Assigned task: Look through the material below and copy exactly the lines from the line with "وخلال هذا اللقاء،" to the line with "以人民币计,2025年1-3", those two lines included.

Listed entries:
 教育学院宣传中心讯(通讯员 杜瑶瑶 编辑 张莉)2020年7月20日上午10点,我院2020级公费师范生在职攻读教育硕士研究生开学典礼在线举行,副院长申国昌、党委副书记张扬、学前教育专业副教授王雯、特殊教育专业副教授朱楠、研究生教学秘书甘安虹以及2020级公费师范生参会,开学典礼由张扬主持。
* * *
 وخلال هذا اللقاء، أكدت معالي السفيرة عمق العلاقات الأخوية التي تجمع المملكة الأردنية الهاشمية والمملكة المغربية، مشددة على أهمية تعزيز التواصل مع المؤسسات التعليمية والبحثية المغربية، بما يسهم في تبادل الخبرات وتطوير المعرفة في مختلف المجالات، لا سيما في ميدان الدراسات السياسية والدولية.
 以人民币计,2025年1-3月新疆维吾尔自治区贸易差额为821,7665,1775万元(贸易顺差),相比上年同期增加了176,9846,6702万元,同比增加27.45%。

Output for this task:
 وخلال هذا اللقاء، أكدت معالي السفيرة عمق العلاقات الأخوية التي تجمع المملكة الأردنية الهاشمية والمملكة المغربية، مشددة على أهمية تعزيز التواصل مع المؤسسات التعليمية والبحثية المغربية، بما يسهم في تبادل الخبرات وتطوير المعرفة في مختلف المجالات، لا سيما في ميدان الدراسات السياسية والدولية.
 以人民币计,2025年1-3月新疆维吾尔自治区贸易差额为821,7665,1775万元(贸易顺差),相比上年同期增加了176,9846,6702万元,同比增加27.45%。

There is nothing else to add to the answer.